Exercise:
Start to finish, retype the entries exactly while omitting the pictures.

** Opening Supplied information block **

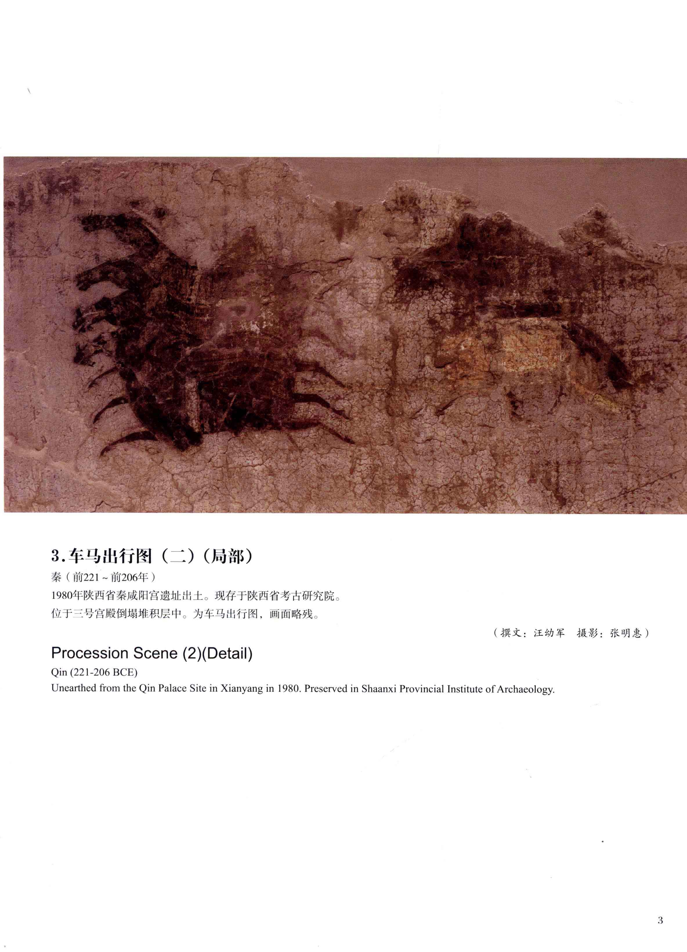 ![]() | 咸阳宫壁画,秦朝(前221年-前207年),1979年出土于秦咸阳宫三号宫殿遗址,藏于陕西历史博物馆秦汉馆。 |
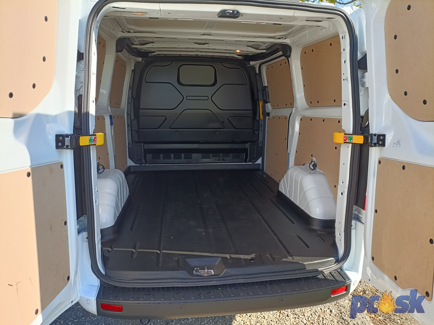Pri skúmaní zadnej časti zistíte, že testovaný Transit Custom PHEV disponuje len parkovacími senzormi, cúvaciu kameru tento model nemal. Ford však túto možnosť pre Transit ponúka a kto nad takýmto autom rozmýšľa, určite si za ňu priplaťte. Bez nej je totiž cúvanie celkom zaujímavé – hlavne pre tých, čo v takomto aute nepresedia každý deň...
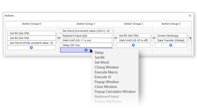 即使是復(fù)雜的連續(xù)動(dòng)作組合,都可以快速又簡單地透過圖像化介面設(shè)定,且不必撰寫程式碼即可完成。
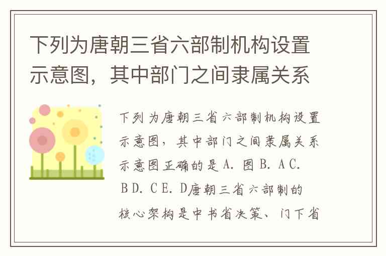 若选项中包含“尚书省→六部”的明确隶属关系,且三省间为平行分权架构(非上下级),即为正确示意。这一制度设计既避免了丞相专权,又通过分层决策与专业执行提升行政效率,其“决策-审议-执行”的逻辑至今影响现代政府架构设计。
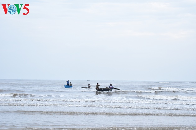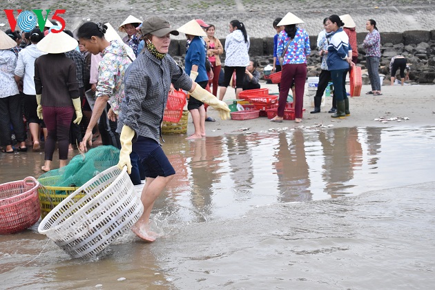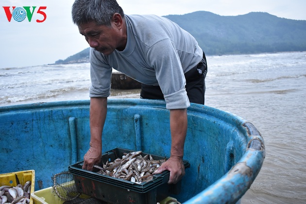 Hải sản được ngư dân đưa vào bờ bằng những chiếc thuyền mủng.

** Closing Supplied information block **

Written response:
 ![]() | 咸阳宫壁画,秦朝(前221年-前207年),1979年出土于秦咸阳宫三号宫殿遗址,藏于陕西历史博物馆秦汉馆。 |
Pri skúmaní zadnej časti zistíte, že testovaný Transit Custom PHEV disponuje len parkovacími senzormi, cúvaciu kameru tento model nemal. Ford však túto možnosť pre Transit ponúka a kto nad takýmto autom rozmýšľa, určite si za ňu priplaťte. Bez nej je totiž cúvanie celkom zaujímavé – hlavne pre tých, čo v takomto aute nepresedia každý deň...
 即使是復(fù)雜的連續(xù)動(dòng)作組合,都可以快速又簡單地透過圖像化介面設(shè)定,且不必撰寫程式碼即可完成。
 若选项中包含“尚书省→六部”的明确隶属关系,且三省间为平行分权架构(非上下级),即为正确示意。这一制度设计既避免了丞相专权,又通过分层决策与专业执行提升行政效率,其“决策-审议-执行”的逻辑至今影响现代政府架构设计。
 Hải sản được ngư dân đưa vào bờ bằng những chiếc thuyền mủng.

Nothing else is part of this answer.